Ellis was astonished when he
was told the story of how they had survived the ships of the Lakhmaspawn. The Former Baron had explained it as he lay
there on the deck, feeling tired, his arm numb but for a faint tingling
sensation.
"And you think this...
forcefield-"
"-it was much more like a
wall than it was a field, dear boy-"
"-or whatever it is-"
"-In fact it was entirely
passive, exerting no direct force whatsoever-"
"-was set up long ago to
prevent these things from reaching the obelisk?"

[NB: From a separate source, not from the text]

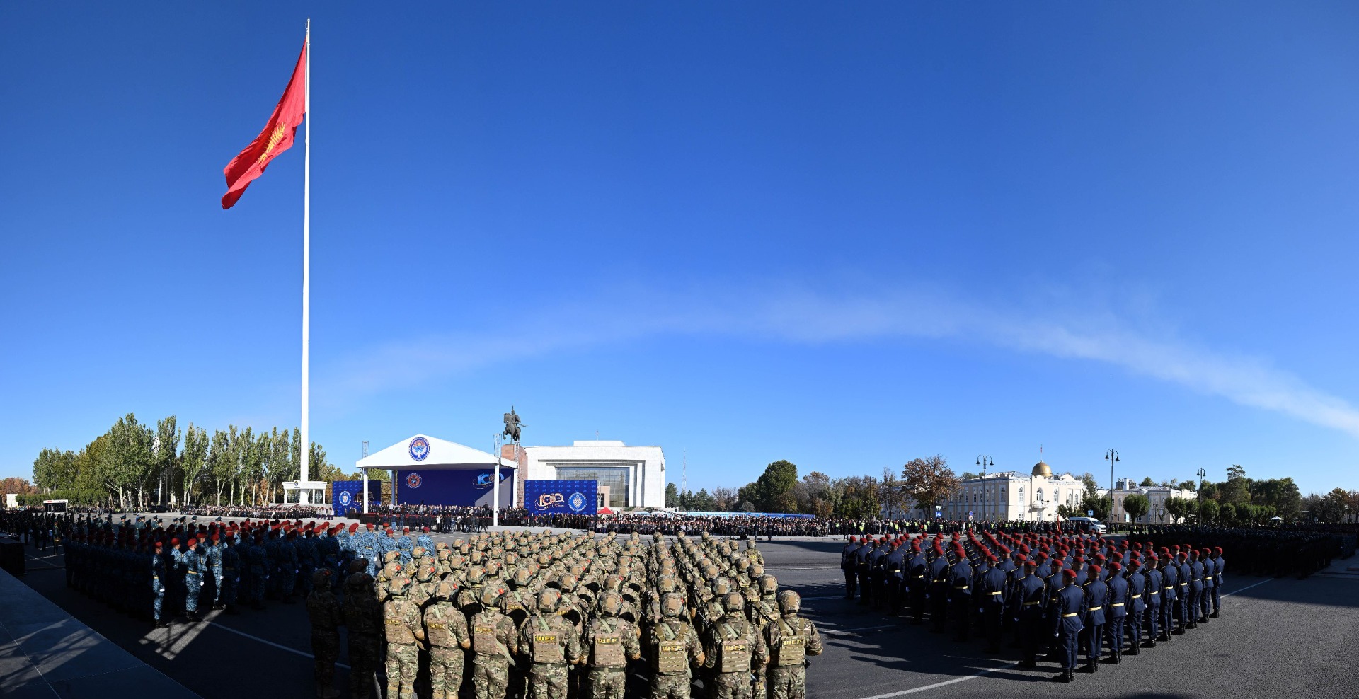 Сегодня мы вместе с вами отмечаем историческую дату — 100-летний юбилей кыргызской милиции, прошедшей великий путь длиной в целый век. Этот путь был полон сложных и опасных задач, тяжелых испытаний, которым милиция достойно противостояла на протяжении всей своей истории.

"Yes. I'd love to know how they did it. It could save us a lot of time in the
future." he scratched his head beneath his hat, then raised a finger
excitedly. "Stopwall! That's what we could call it!"
"We can only hope that
whatever is powering the barrier continues to do so now that it's under direct
attack," Rockspark said in his sobering, gravel voice. He had just come back from a tour of the
deck, sorting the dead and the mortally wounded from those who might stand a
chance. Miss Barkcastle was overseeing
their transfer below deck. His taloned
hands were still slick with Ellis' blood.
"Well it has lasted this
long," the Former Baron replied, "so we can only hope. But you're quite right. Whatever we need to do here, we had best
hurry!"
Ellis struggled to his feet and
then did his best to help clean the deck, removing shrapnel and debris, whilst
the blood was washed away. Corpses taken
down into the hold, until there was time to give them a proper burial and those
with the skill attended to the wounded.
Whilst he cleaned he watched the cavern drift by as, slowly and
carefully, they made their way into the heart of island. Eventually the natural rock walls were
replaced by artificial ones, made of great blocks of red granite, carved with
details which resembled hieroglyphics, although they were never quite the same
as the ones Ellis remembered from a school visit to the British Museum which
almost certainly never happened. He
wondered, for the first time in quite a while, why there were so many
similarities between Shadow and Earth.
Did such coincidences arise naturally, via a sort of inter-dimensional
zeitgeist or was there a relationship between the two worlds, a sharing of
ideas somehow. The thought niggled in
the back of his mind like an itch waiting to be scratched.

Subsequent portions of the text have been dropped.